There are also valuable, cost-saving benefits for you (and sometimes even for your dependent family), which are provided through our Welfare Fund. Please go to our Welfare Fund page for a detailed description of these bargained-for benefits.
What is CSBA’s relationship with Teamsters Local 237?
CSBA is an independent affiliate of City Employees Union Local 237, International Brotherhood of Teamsters. Whereas CSBA has our own elected Board of Directors (Officers and Directors) and our own Welfare Fund for active employees (directed by our elected Trustees), our members voted in 1973 to become affiliated with Local 237. This was done because CSBA, which was even smaller back then, was having very little success in its negotiations with the City and its Office of Labor Relations. Local 237 is one of New York’s largest and most influential municipal unions, with approximately 23,000 members.
Does CSBA work with other NYC municipal unions?
Yes, we are a member of the Municipal Labor Committee (“MLC”), a coalition of unions representing the majority of New York City government employees. This enables us to regularly network with some of the most powerful and influential labor leaders in New York.
How can I get more involved?
We have General Membership Meetings each March and October. Our Annual Meeting is in June. Attending these meetings is an excellent way to get to know more about your union, as well as a great networking opportunity with fellow attorneys from other agencies. Hopefully, you will like what you see and hear, whether it is from me (Saul Fishman, CSBA President) or from one of the Committee Chairs, Officers, Directors, Trustees, Staff, colleagues or invited guests.

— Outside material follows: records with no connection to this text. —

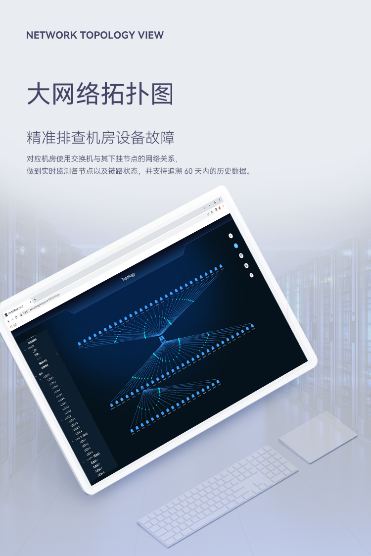 對應機房使用交換機與其下掛節點的網絡關系,做到實時監測各節點以及鏈路狀態,并支持追溯 60 天內的歷史數據。
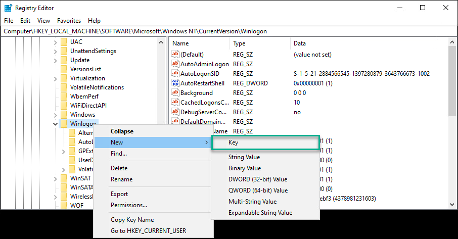 From here create two new keys nested under Winlogon:
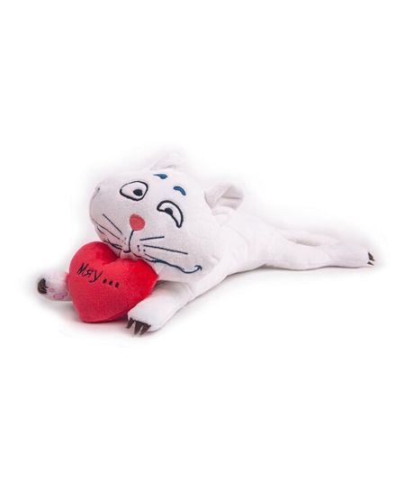 Очаровательный котик белого цвета с милым выражением мордочки понравится и взрослому и ребенку. В лапках у котика сердечко, поэтому игрушка станет отличным подарком к любому празднику для самых близких людей. Благодаря вытянутому телу и мягким приятным на ощупь материалам, игрушку можно использовать в качестве подушки или оригинального предмета интерьера. Игрушку также можно взять с собой в дорогу в машину, поезд или самолет. Вся отделка выполнена вышивкой. Изготовлена из сертифицированных материалов высокого качества.

We currently have a Professional Development Committee, a Student Loan Reduction Committee, a Legislative & Political Action Committee, and an ACS Family Court Legal Services Committee. Other committees and/or subcommittees being discussed are for Health & Safety and a Social/ Networking Committee. Please consider volunteering for one or more of these committees!
Our Board of Directors has six Officers and twenty-one Directors. We meet about eight times a year (over and above General Membership meetings). From time to time, a vacancy occurs. If you would like to be considered, please let us know!